**Dataset excerpt**.

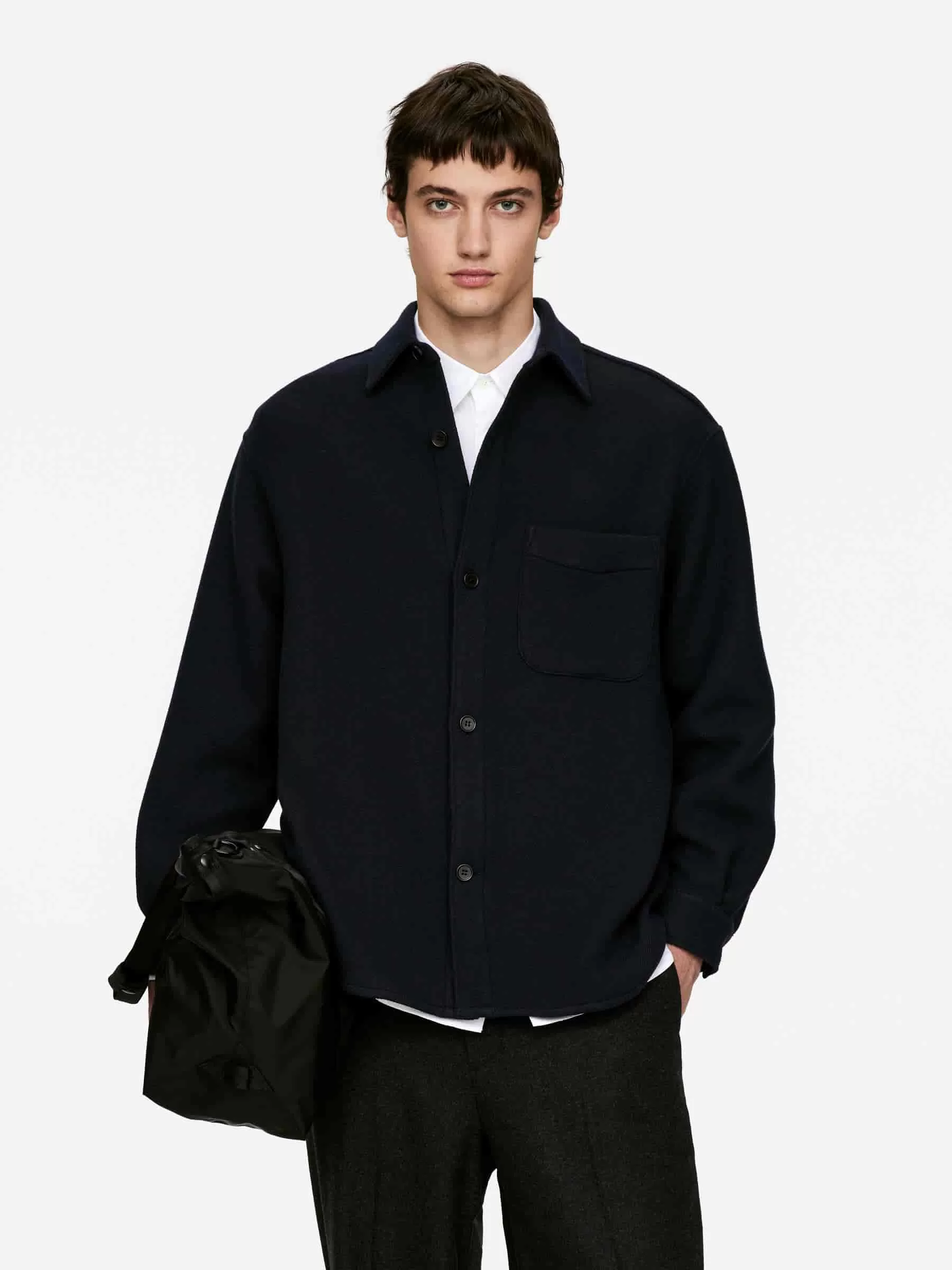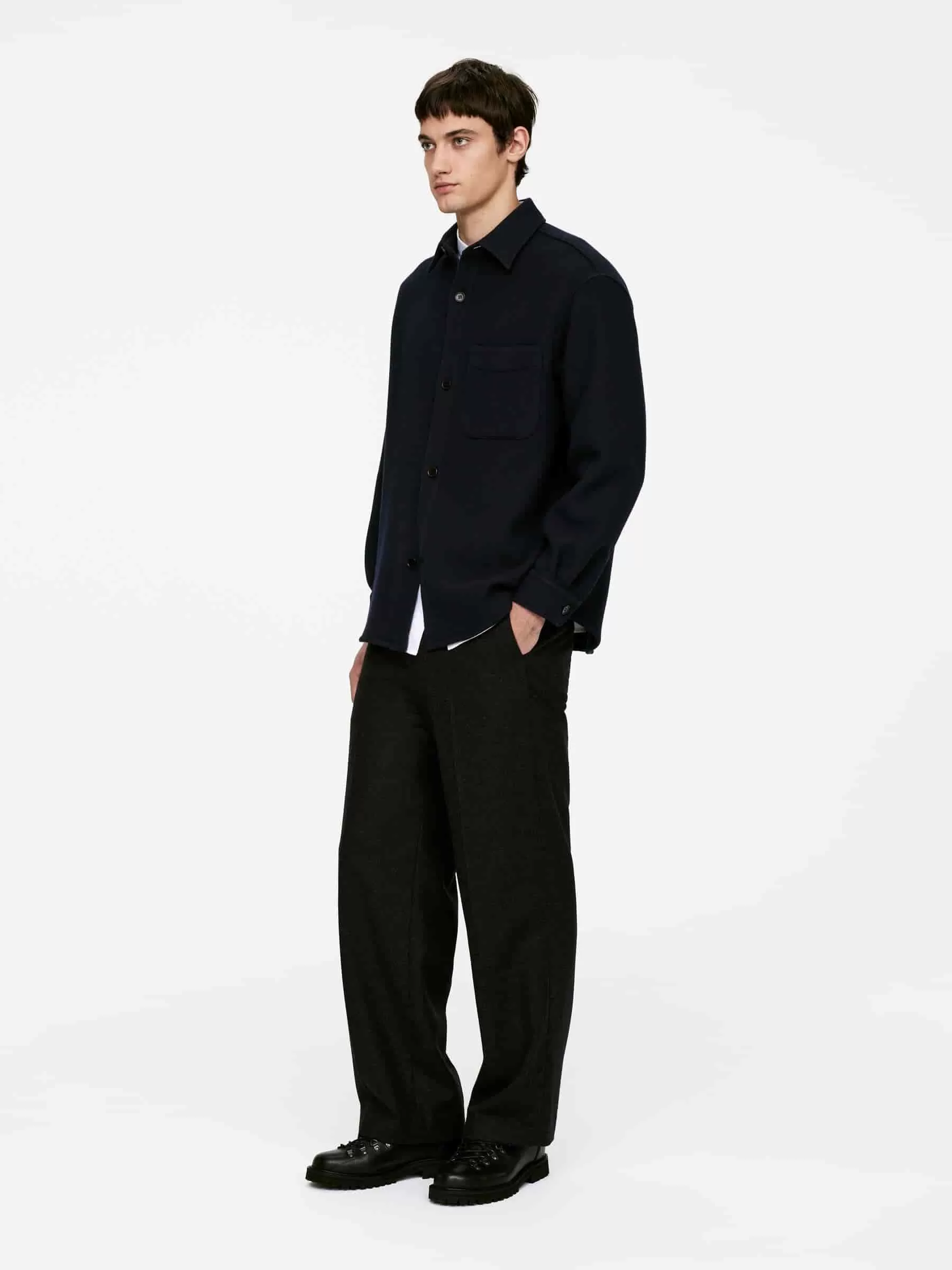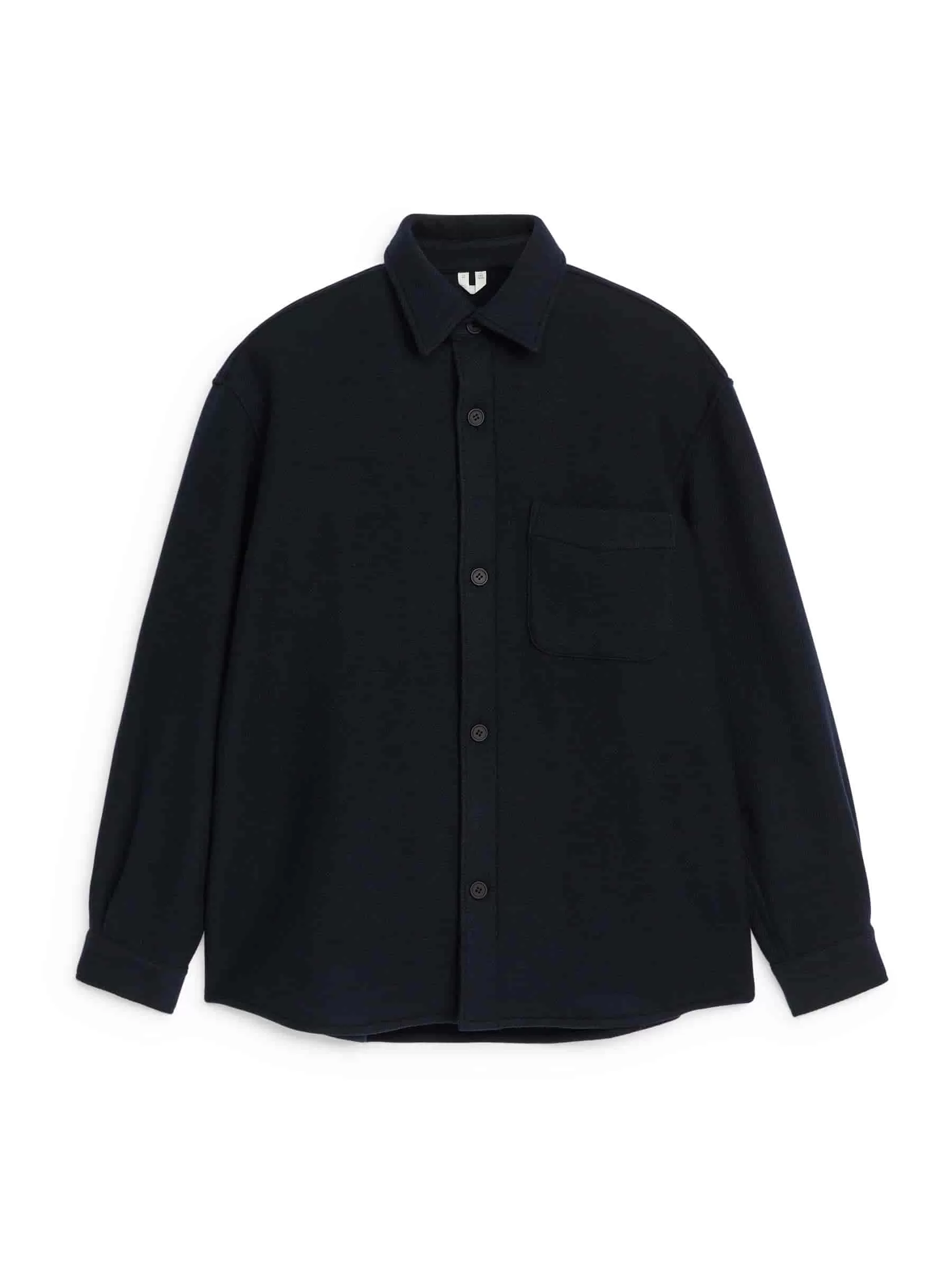 Hemd aus einer Wollmischung genäht. Ein locker sitzender Stil mit normalem Kragen, einer Knopfleiste vorne und einer einzelnen aufgesetzten Tasche auf der Brust. Rückenpasse mit Kellerfalte darunter. Geknöpfte Manschetten. Geschwungener Saum.
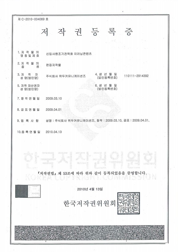 [한국/저작권] 신입사원조기전력화 이러닝 콘텐츠 페이지 정보 작성자 WeDu 댓글 0건 조회 5,552회 작성일 19-05-30 19:01 본문 2010-04-13 저작권 C-2010-004069 신입사원조기전력화 이러닝콘텐츠 / 편집저작물 List Previous[한국/저작권] 리안의 수학 모험 19.05.30 Next[한국/상표] OLL 41류 19.05.30
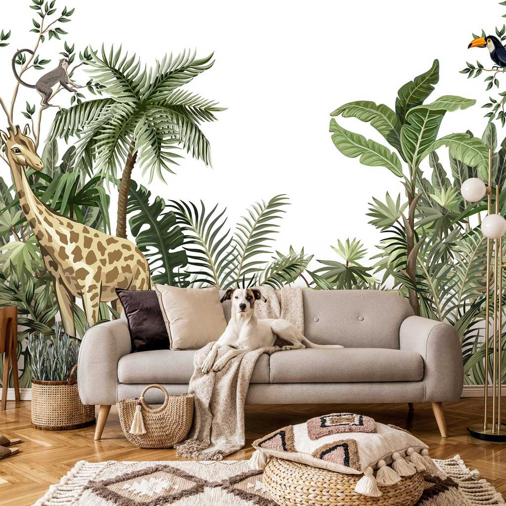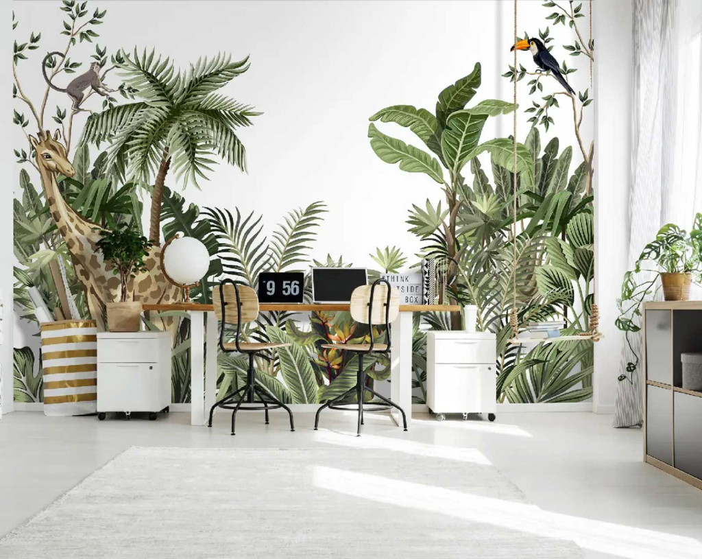 Fedezd fel a dzsungel varázsát otthonodban! A zsiráf, makimajom és a színes tukán madár egy trópusi paradicsom világát idézik meg, ahol a pálmafák és a buja trópusi levelek életre kelnek. Tökéletes választás, ha egzotikus, természetközeli hangulatot szeretnél teremteni.

**Task instructions**.
Pictures stay out; everything else in the listing above is to be repeated exactly.

**Answer to the problem**.
 Hemd aus einer Wollmischung genäht. Ein locker sitzender Stil mit normalem Kragen, einer Knopfleiste vorne und einer einzelnen aufgesetzten Tasche auf der Brust. Rückenpasse mit Kellerfalte darunter. Geknöpfte Manschetten. Geschwungener Saum.
 [한국/저작권] 신입사원조기전력화 이러닝 콘텐츠 페이지 정보 작성자 WeDu 댓글 0건 조회 5,552회 작성일 19-05-30 19:01 본문 2010-04-13 저작권 C-2010-004069 신입사원조기전력화 이러닝콘텐츠 / 편집저작물 List Previous[한국/저작권] 리안의 수학 모험 19.05.30 Next[한국/상표] OLL 41류 19.05.30
 Fedezd fel a dzsungel varázsát otthonodban! A zsiráf, makimajom és a színes tukán madár egy trópusi paradicsom világát idézik meg, ahol a pálmafák és a buja trópusi levelek életre kelnek. Tökéletes választás, ha egzotikus, természetközeli hangulatot szeretnél teremteni.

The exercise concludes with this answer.